Motley Fool: Whirlpool’s growth remains hard to ignore

Whirlpool (NYSE: WHR) has been delivering some surprises.

For one thing, instead of laying off workers and moving jobs abroad, it’s hiring – and making hundreds of millions of dollars’ worth of plant upgrades for manufacturing products in … America. You know its name, but you may not realize that it has some other names under its roof, such as Maytag, KitchenAid, Jenn-Air, Amana, Roper, Estate and Admiral.

In the company’s second-quarter earnings report, revenue grew 4 percent to $4.7 billion, while earnings per share jumped 71 percent.

CEO Jeff Fettig said, “Sales increased in every region of the world as we continued to expand margins. Given the strong underlying trends in our business, we recently resumed our share repurchase program and are raising our full-year outlook for EPS and free cash flow.”

Earnings are expected to grow some 26 percent annually over the next five years. The rebounding U.S. housing market is helping, and deals such as one with SodaStream to introduce a KitchenAid-branded home carbonation system is promising, too.

Best of all, the stock is attractive and offers a dividend yield near 2 percent. Its price-to-earnings (P/E) ratio, recently near 17, is above its five-year average of 13.4, but its P/E based on next year’s earnings is just 10. (The Motley Fool owns shares of SodaStream and its newsletters have recommended it.)

Ask the Fool

Q: When, and what, is “earnings season”? – T.W., Watertown, N.Y.

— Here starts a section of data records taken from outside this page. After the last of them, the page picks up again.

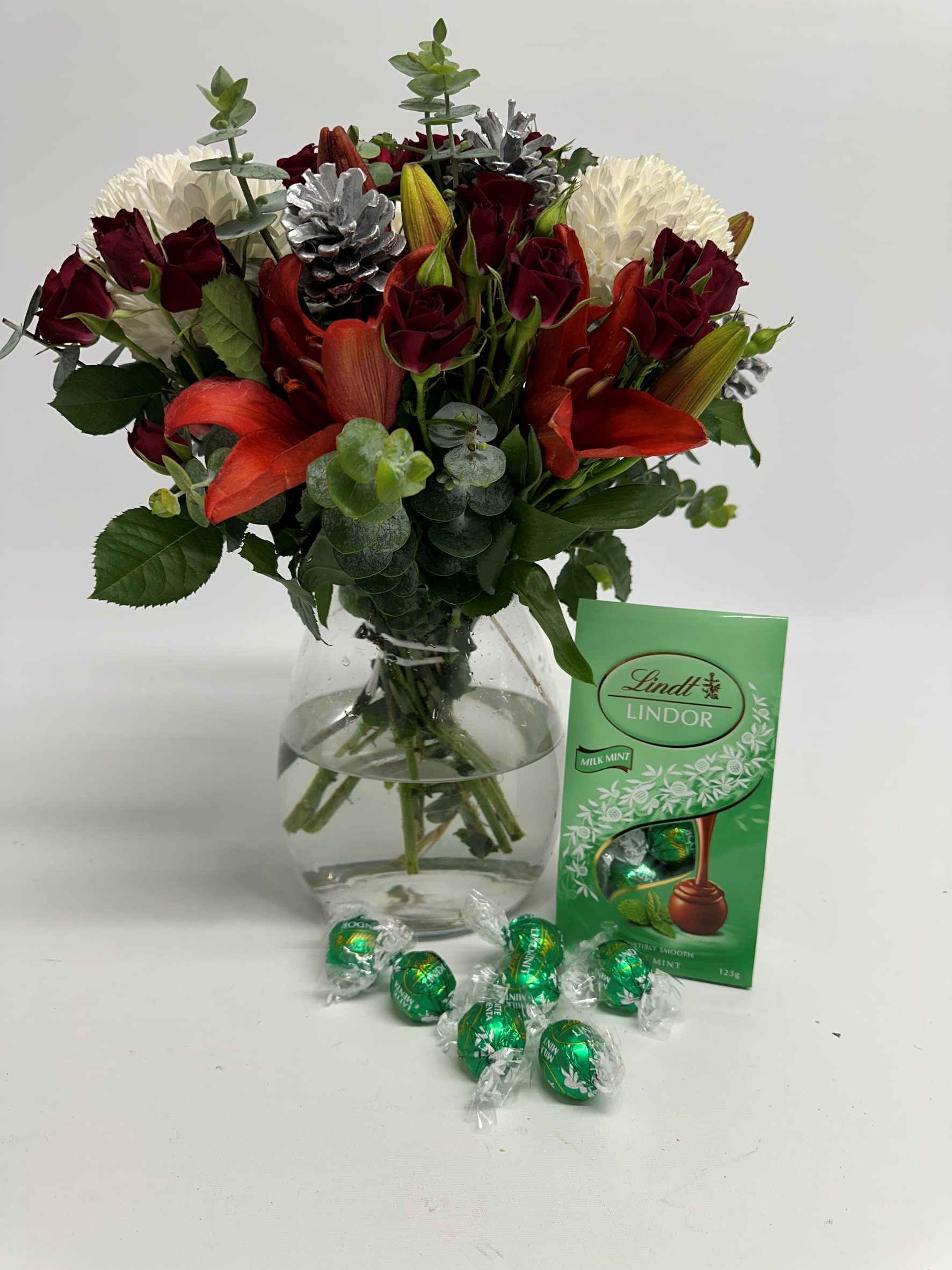 Presented in a glass vase and paired with delicious Lindor Mint Chocolates, this gift is perfect for family, friends, clients, or anyone who deserves a thoughtful seasonal treat.
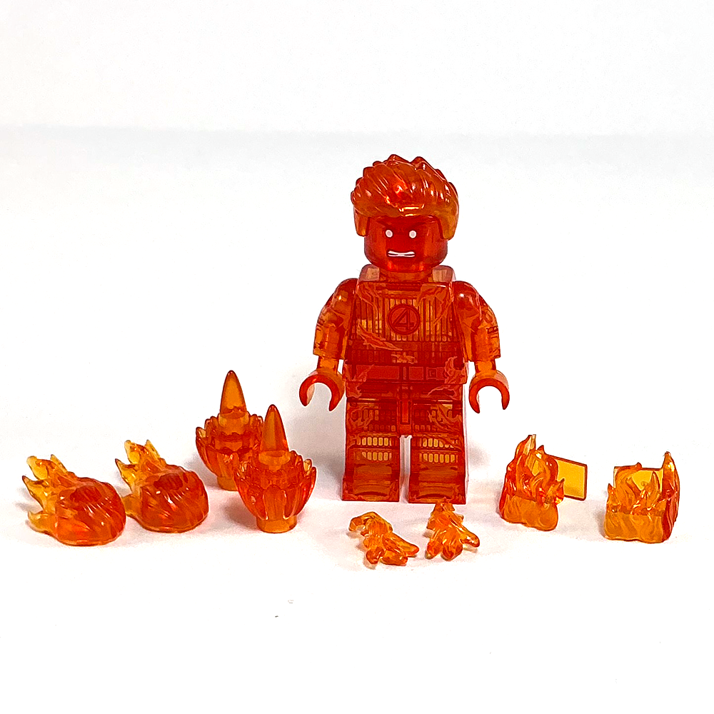 This Human Torch (Johnny Storm) minifigure is based on his appearance in the 2025 movie The Fantastic Four: First Steps.
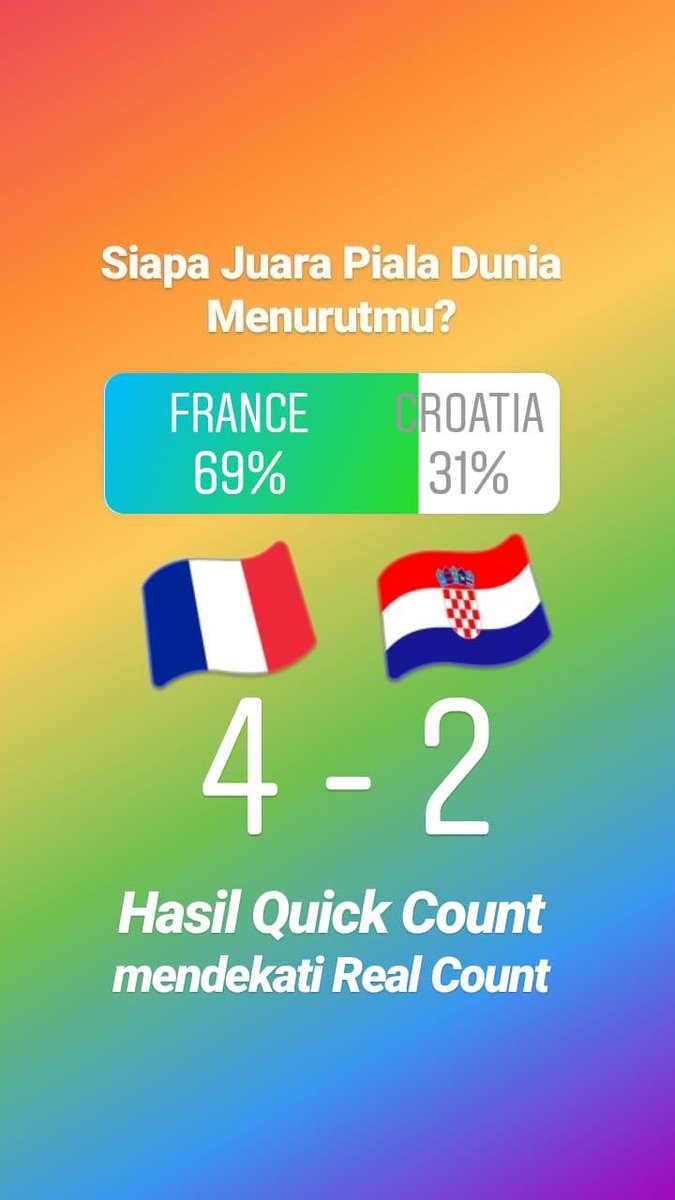 #worldcupfinal mendekati. Jangan tanya margin of error dan sampel ya. Yang penting#FRA menang. Hehepic.twitter.com/HuCSLePIOz

A: We’re in the thick of it. Public companies are required to report on their earnings and financial condition every quarter, and they do so with three quarterly 10-Q reports and an annual 10-K report. They’re free to structure their fiscal year as they want, and while many companies end their years at the conclusion of December, others choose the end of March or some other time.

Earnings reports are typically issued a few weeks after the end of the quarter, and market watchers will see most American companies releasing their reports from early January through February, from early April through May, from early July through August, and from early October through November. These are our four “earnings seasons.” They’re of interest to many investors because new data is available, and analysts and commentators will often issue fresh or revised opinions on companies.

Savvy investors will learn to make sense of the reports themselves – which isn’t as hard as you might think. Stock prices can also surge or swoon on earnings reports, when results are surprisingly good or bad.

Q: I own some stocks with dividend yields below 5 percent and others with yields near 10 percent. Since all the companies seem sound, should I move all the money into the higher-dividend ones? – D.N., online

A: You should focus your money on your best ideas, and be sure to look beyond yields, too.

Remember that one yield might be 8 percent, but the company might be growing very slowly. Another might offer a 3 percent yield, while growing more rapidly and hiking its dividend regularly and significantly – giving you bigger payouts over time.

My dumbest investment

Buying and holding any down-trending stock, including those you recommend, is dumb.

Several years ago, I lost $8,000 waiting for Whole Foods to turn around. I no longer try to catch falling knives, no matter how great the stock might be in five years. With these erratic markets, we can’t trust anyone or anything except the price of the stock and its trend. – E.B.H., Charleston, S.C.

The Fool responds: Careful, there. Focusing just on stock price movements is more like speculating than investing. And where you expect a stock to be in five or more years matters, too, as many stocks take a while to get near their intrinsic value.

Whole Foods’ stock crashed between 2006 and 2008, falling 36 percent, 12 percent and 75 percent. But it nearly tripled in 2009, and gained 84 percent in 2010, 38 percent in 2011 and nearly 35 percent in 2012.

Many stocks are volatile from year to year; it’s the long run that should matter most. Focus on the growers, and be patient.